Thanks for sharing Wes. I’m guessing we don’t see real big ones tip toeing out on the white oak limbs due to their weight, even though they are still physically capable of climbing.


----------



## Bowhunter77 (Oct 25, 2018)

In that still shot she looks like she’s about to show the cubs how to take down one of those smelly two legged slow runners the bears always see in the woods this time of year.


----------



## Back40hunter (Oct 26, 2018)

Very cool encounter. Thanks for sharing. You are to be commended for letting her go with her cubs. The cubs would have probably been big enough to make her legal but I love your decision to give Mama a pass. Great job on the pic’s and video.


----------



## jbogg (Oct 26, 2018)

Back40hunter said:


> Very cool encounter. Thanks for sharing. You are to be commended for letting her go with her cubs. The cubs would have probably been big enough to make her legal but I love your decision to give Mama a pass. Great job on the pic’s and video.

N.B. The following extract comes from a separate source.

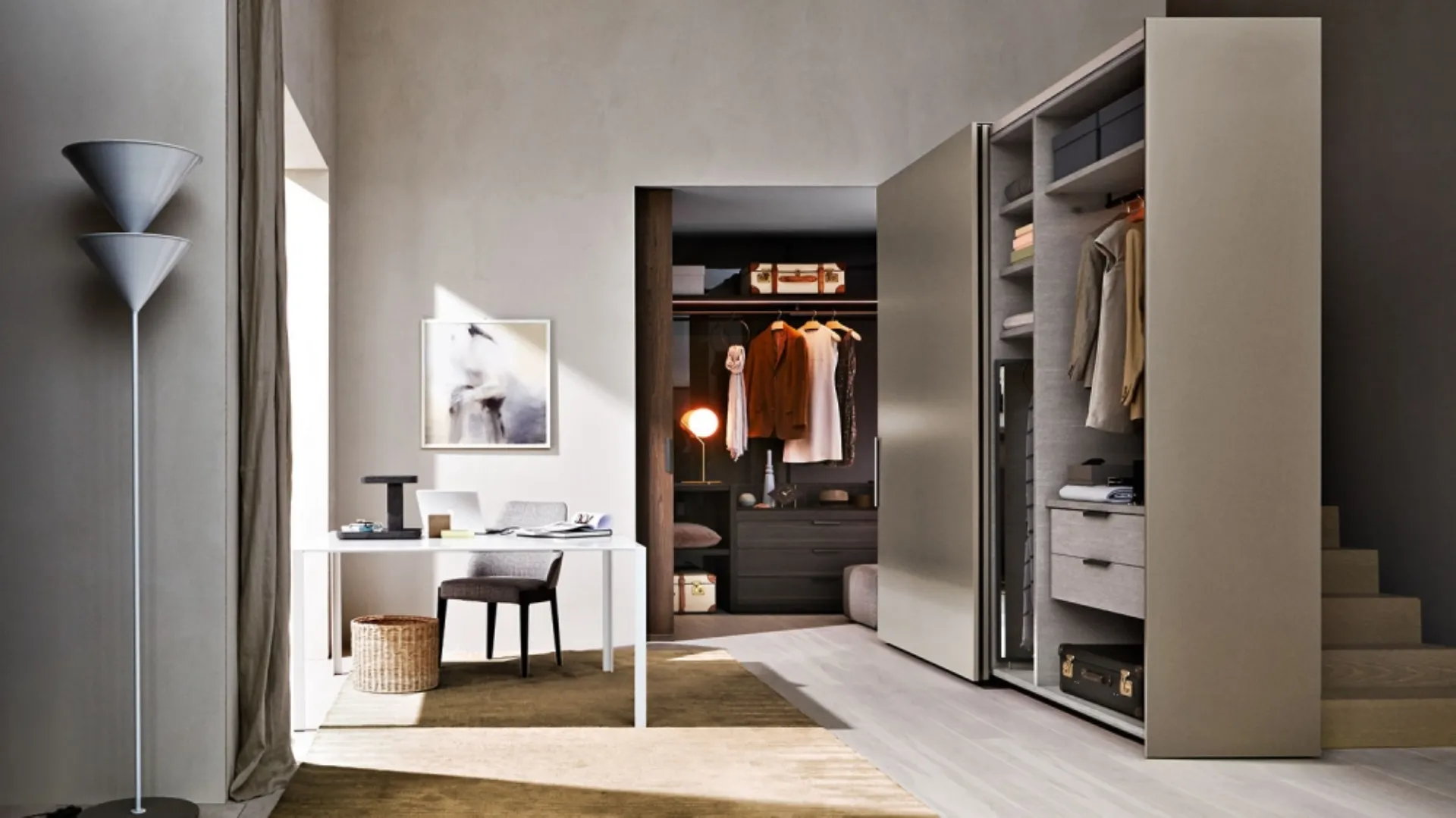 Bize bilgi ve fiyat teklifleri için ulaşın ve bu fotoğraftaki melamin dolap gibi modern depolama çözümleri sayesinde hayalini kurduğunuz yatak odasını tamamlayabilirsiniz. Dekorasyon projesini mükemmel bir şekilde tamamlamak için, en iyi markaların Ev Mobilyaları önerilerimizi seçin, sınıf, büyüklük ve malzeme açısından çeşitlendirilmiş yataklar, dolaplar ve komodinler. Molteni & C'nin Gliss Master Start sürgülü kapılı dolabı: Formu doldurun, bize ulaşın ve her zaman hayal ettiğiniz dinlenme odasını hayata geçirin. Uyku alanı dinlenme alanına ayrılmıştır, bu nedenle en iyi şekilde mobilya ile döşenmiş ve rahatlatıcı bir atmosfer yaratabilen mobilyalar ve aksesuarlarla tamamlanmalıdır. Sürgülü kapılı dolaplar ve dolaplar, odanızı mükemmel bir şekilde düzenlerken özel bir estetik ar

I attended a DNR public input meeting a year or two ago and specifically asked the game warden to clarify the law as to whether or not a Sow would be legal if her cub or cubs were clearly over 75 lbs.  His response was to “Shoot the cub”, but the sow would be off limits.  So basically, if a sow has a cub of any size she is not legal even if the cub is.  However, since there is a two bear limit if someone was to shoot the cub first does that mean the sow is now legal game since she would no longer have a cub by her side. Seems like some of the Bear regulations could be cleaned up a bit.


----------



## Back40hunter (Oct 27, 2018)

I believe you’re right jbogg. I’ve been reading that rule incorrectly for years. Glad I haven’t seen a sow with big cubs along side. I may have been tempted ?


jbogg said:


> I attended a DNR public input meeting a year or two ago and specifically asked the game warden to clarify the law as to whether or not a Sow would be legal if her cub or cubs were clearly over 75 lbs.  His response was to “Shoot the cub”, but the sow would be off limits.  So basically, if a sow has a cub of any size she is not legal even if the cub is.  However, since there is a two bear limit if someone was to shoot the cub first does that mean the sow is now legal game since she would no longer have a cub by her side. Seems like some of the Bear regulations could be cleaned up a bit.


----------



## Hookedonhunting (Dec 10, 2018)

That was awesome!


----------



## mmcneil (Dec 11, 2018)

Cool video! Thanks for sharing.


----------



## Dub (Dec 13, 2018)

Steady nerves @jbogg 

Thanks a ton for sharing the pics and awesome video.

I'd have been a might jittery after looking uphill and seeing her slip in on me like that, too.


----------